The dermatologist also highlighted another recent study that bears on the treatment of uncomplicated C. trachomatis NGU. The double-blind, randomized, double-dummy multicenter trial included 323 men and nonpregnant women with urogenital chlamydia. They were randomized to 7 days of once-daily delayed-release doxycycline (Doryx) at 200 mg or to 100 mg b.i.d. of standard-release doxycycline (Vibramycin).

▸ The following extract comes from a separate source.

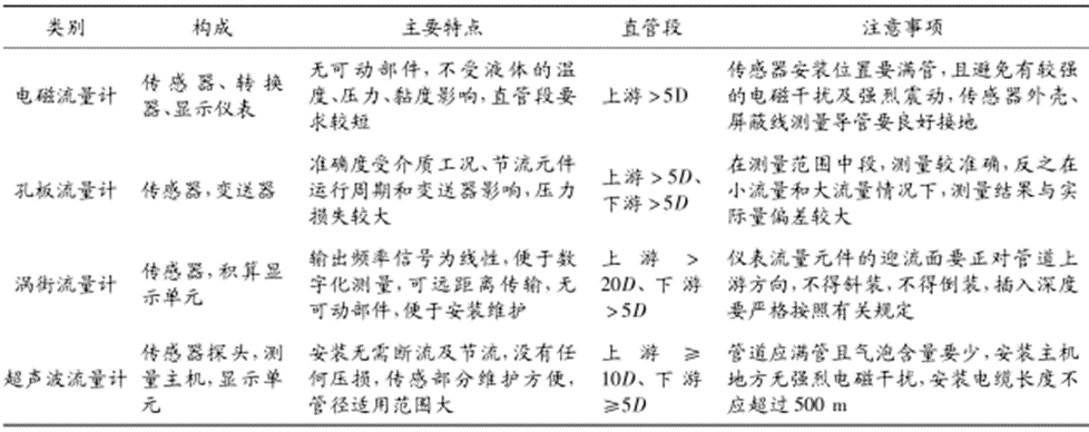 表2 大口徑水流量計(jì)性能特點(diǎn)匯總表

The primary outcome, microbial cure by nucleic acid amplification testing on day 28, occurred in 95.5% of the delayed-release doxycycline group and a virtually identical 95.2% on Vibramycin. However, the delayed-release formulation was significantly better tolerated, with a 13% nausea rate compared with 21% in the Vibramycin group. Vomiting occurred in 8% of patients on delayed-release doxycycline, a significantly lower rate than the 12% with Vibramycin.

The investigators concluded that delayed-release doxycycline, with its once-daily dosing and better tolerability, could improve treatment adherence (Clin. Infect. Dis. 2012; 55: 82-8).

Dr. Janier reported having no relevant financial disclosures.